*Given data:*
-*-

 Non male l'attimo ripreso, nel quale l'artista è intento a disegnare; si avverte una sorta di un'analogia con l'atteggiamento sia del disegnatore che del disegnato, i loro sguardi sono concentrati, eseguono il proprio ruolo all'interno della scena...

-*-

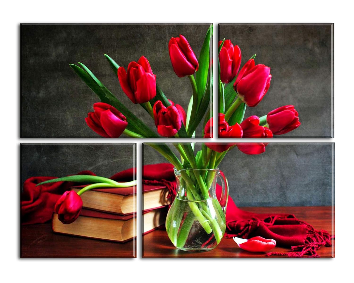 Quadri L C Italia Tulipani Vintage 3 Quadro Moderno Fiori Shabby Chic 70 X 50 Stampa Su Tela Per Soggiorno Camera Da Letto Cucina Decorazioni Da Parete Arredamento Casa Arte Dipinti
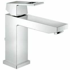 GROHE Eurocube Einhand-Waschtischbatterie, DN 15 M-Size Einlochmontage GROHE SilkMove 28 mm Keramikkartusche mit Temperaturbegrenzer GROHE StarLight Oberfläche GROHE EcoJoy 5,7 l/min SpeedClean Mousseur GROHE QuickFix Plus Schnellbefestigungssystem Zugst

-*-

*Aim of the task:* Return, exactly as they stand, the lines above from the one with "Quadri L C Italia" to the one with "GROHE Eurocube Einhand-Waschtischbatterie, DN", omitting any pictures among them.

*Task output:*
 Quadri L C Italia Tulipani Vintage 3 Quadro Moderno Fiori Shabby Chic 70 X 50 Stampa Su Tela Per Soggiorno Camera Da Letto Cucina Decorazioni Da Parete Arredamento Casa Arte Dipinti
 GROHE Eurocube Einhand-Waschtischbatterie, DN 15 M-Size Einlochmontage GROHE SilkMove 28 mm Keramikkartusche mit Temperaturbegrenzer GROHE StarLight Oberfläche GROHE EcoJoy 5,7 l/min SpeedClean Mousseur GROHE QuickFix Plus Schnellbefestigungssystem Zugst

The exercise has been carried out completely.